Data items
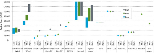 圖2:“2016 Annual Technology Baseline”各類(lèi)電源的設(shè)備投資額(2030年)(出處: 國(guó)家可再生能源實(shí)驗(yàn)室)
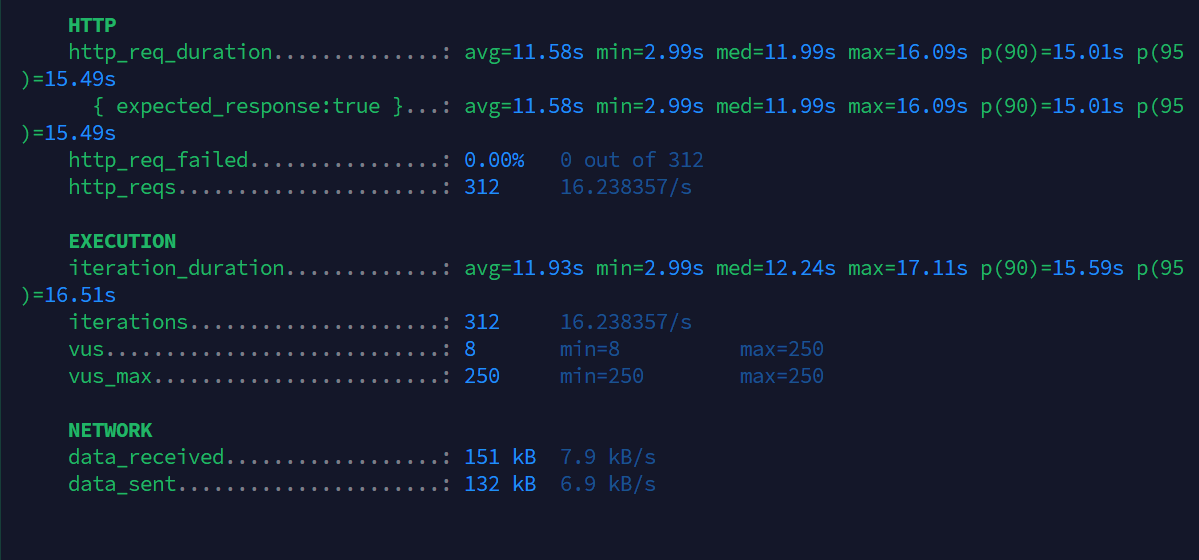 변경 후 다시 부하 테스트를 시도해본 결과, avg가 11초에서 2초대로 크게 줄은 것을 확인할 수 있다. 이에 더해 http_reqs도 초반 FeignClient의 300대에 비해 현재는 Latency가 줄어 1000까지 늘어난 것을 볼 수 있다.
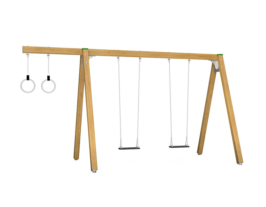 Schaukelgerüst aus mehrfach verleimtem Schweizer Kiefernholz druckimprägniert, mit seitlichen Turnringen, Aufhängevorrichtung aus Edelstahl für zwei Sitze, inkl. Stahlfusskonsolen für minimale Einbautiefe 50 cm.
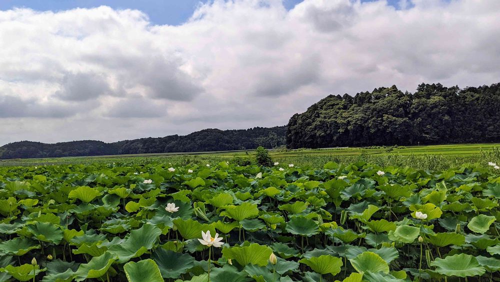 蓮田の脇道を歩くとカエルがビックリして蓮田へ飛び込みます。キャンという可愛らしい鳴き声とともに上手なカエルは水面を3〜4回水切りしてから水の中へ消えていきます🐸🎶
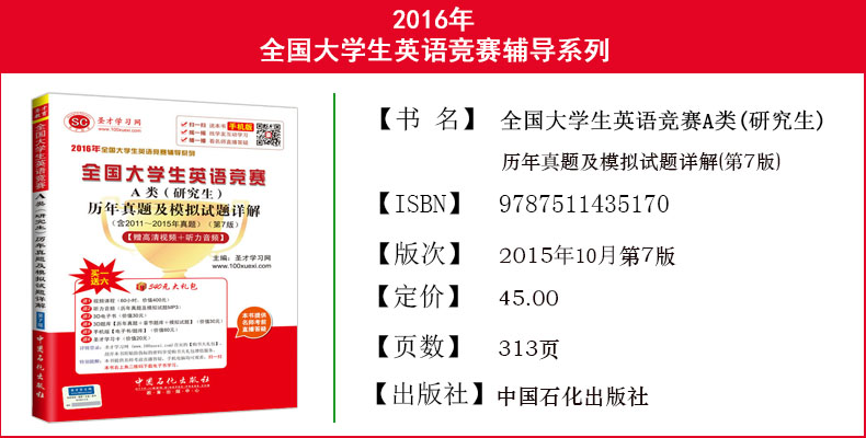 本书是专门为提高考生参加全国大学生英语竞赛A类(研究生)考试水平而编写的复习资料。其内容包括9套真题(2011~2015年)和3套模拟试题, 每套试题均给出参考答案及详解。历年真题为考生提供了最好的复习依据,便于读者了解考试的命题特点和出题规律,答案详解则为考生分析了解题技巧,指明了解 题思路。模拟试题根据最新一年(2015年)的真题及样题,在参考众多相关考试用书、国内外权威杂志以及优秀论文等大量素材的基础上精心设计而成,具有很 强的针对性和实用性。
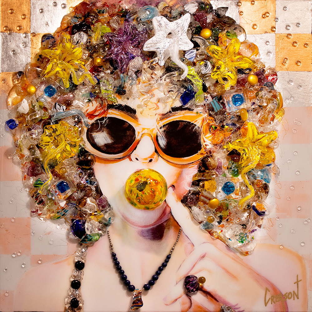 Creason’s works will invoke passion, boundless love, color and awe. His wife is his muse and main inspiration, always motivating him to create artwork that he might not have on his own. Creason chooses to depict women to spotlight their inner and outer strengths, beauty, and mystery. Using found jewelry, hand-blown glass, and garments to embellish his paintings, no two will ever be the same, but will always leave you inspired and entranced by his use of color.
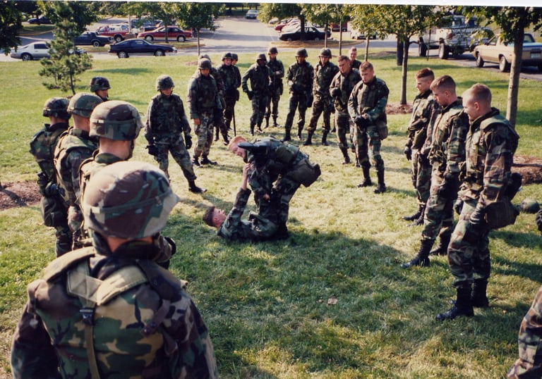 Hand-to-hand combat techniques adapted from modern military and civilian defense.
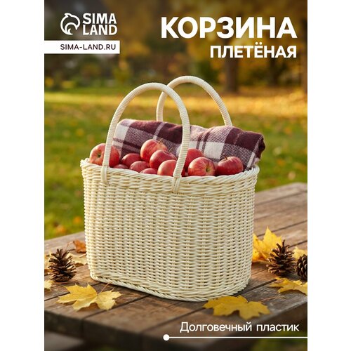 - Прочная комбинация материалов: пластиковое плетение сохраняет гибкость и устойчиво к влаге. Ручка высотой 17 см надёжно зафиксирована.
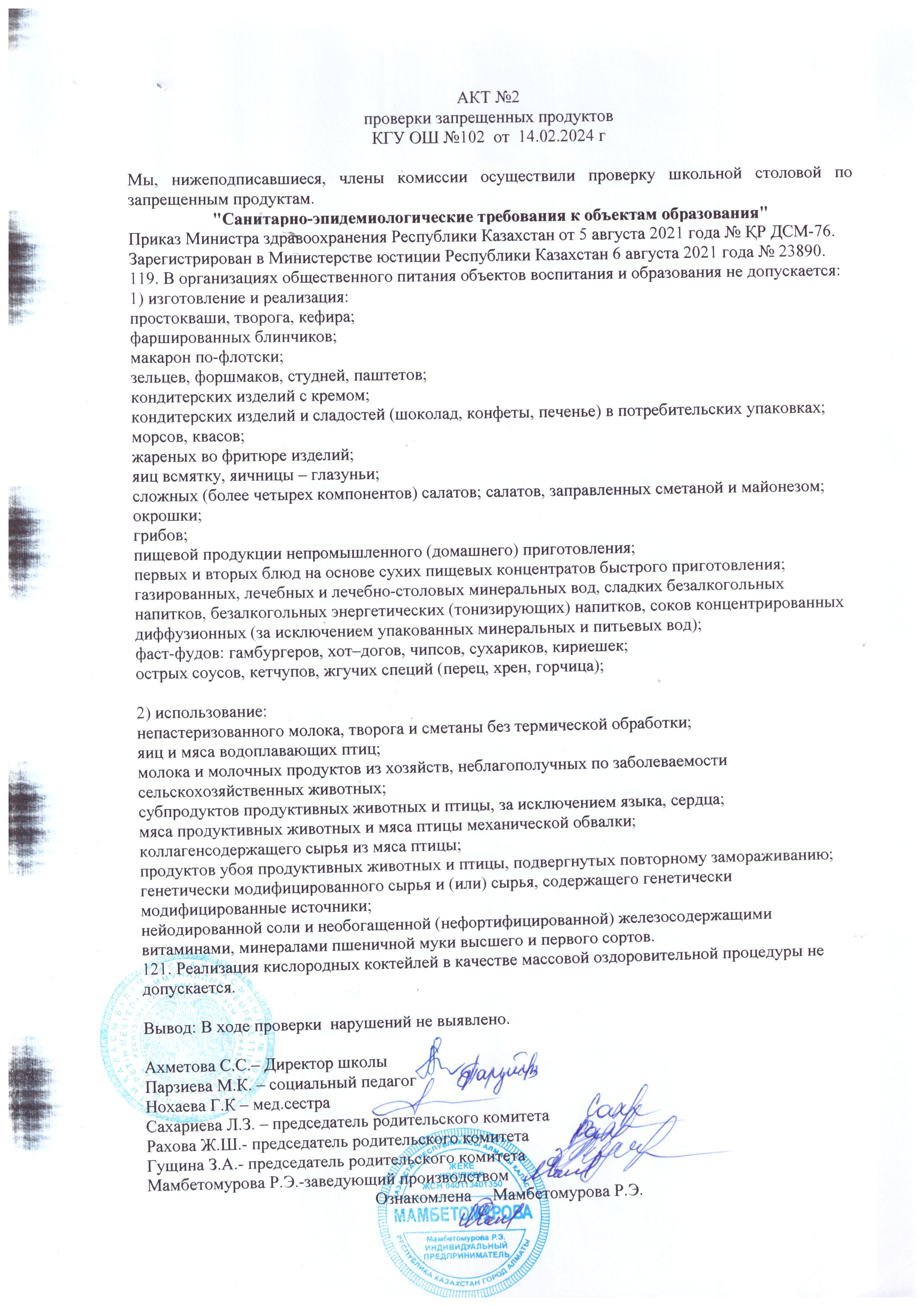 АКТ №2 проверки запрещенных продуктов » КГУ «общеобразовательная школа №102» Управления образования г. Алматы
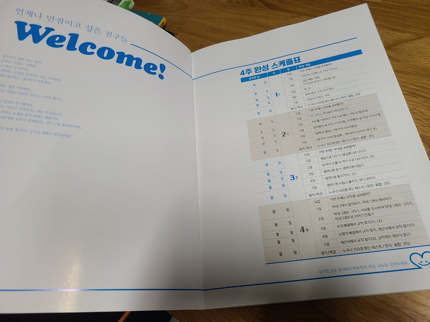 똑똑한 하루 수학을 펼치자 마자 4주 완성 스케줄표가 나옵니다.
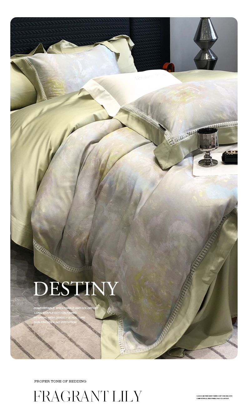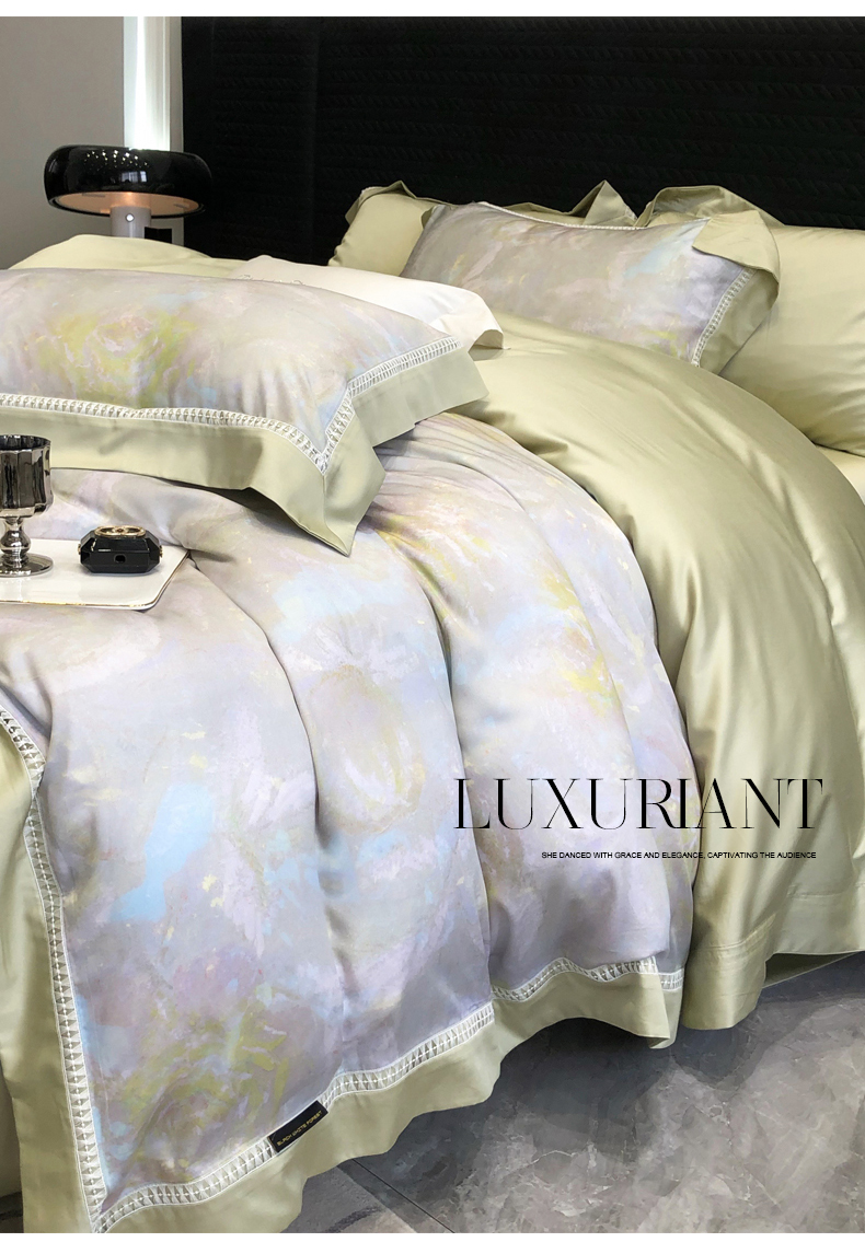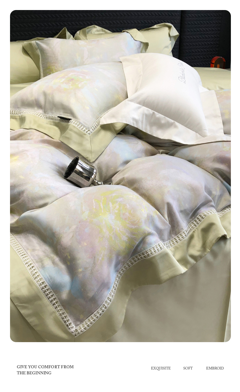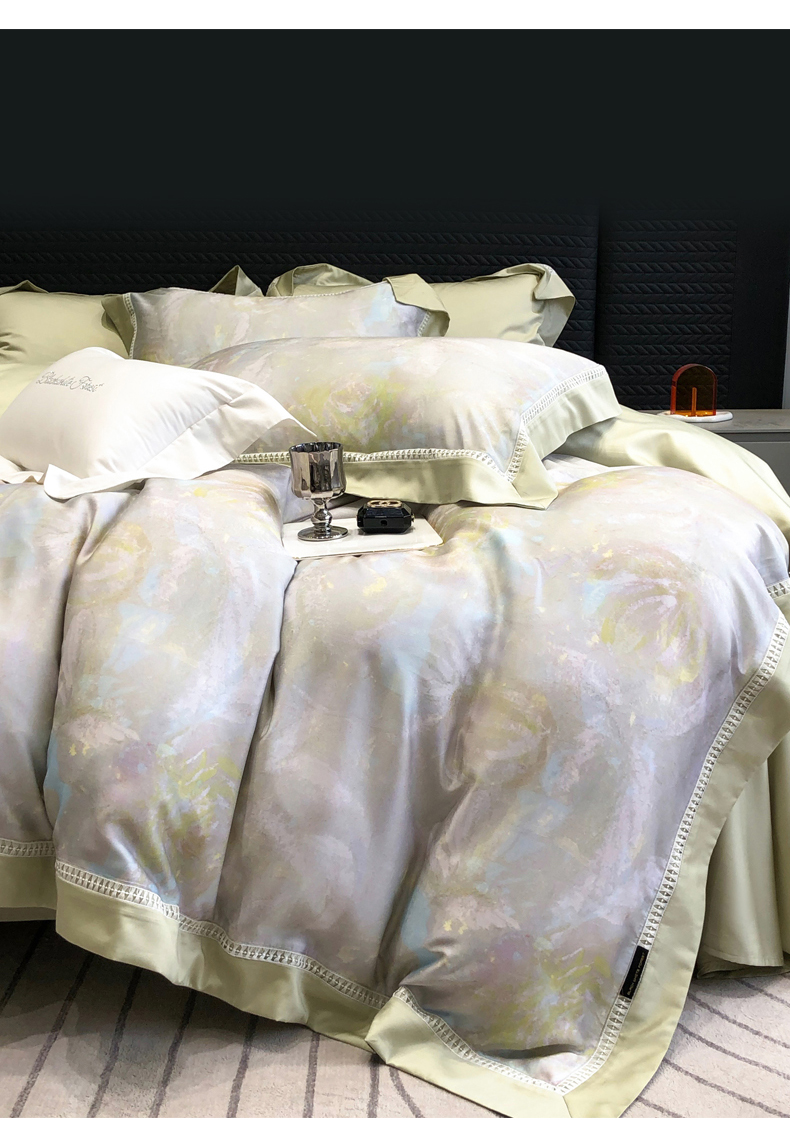 黑白森林2024款 50X50S高支天丝棉数码印花四件套天丝全棉,格伦黄,格伦绿,若瑶灰,羽笛蓝

*Your objective*
An exact restatement is expected of the lines from the line containing "- Прочная комбинация" to the end of the data above, pictures excluded.

*Response to the task*
 - Прочная комбинация материалов: пластиковое плетение сохраняет гибкость и устойчиво к влаге. Ручка высотой 17 см надёжно зафиксирована.
 АКТ №2 проверки запрещенных продуктов » КГУ «общеобразовательная школа №102» Управления образования г. Алматы
 똑똑한 하루 수학을 펼치자 마자 4주 완성 스케줄표가 나옵니다.
 黑白森林2024款 50X50S高支天丝棉数码印花四件套天丝全棉,格伦黄,格伦绿,若瑶灰,羽笛蓝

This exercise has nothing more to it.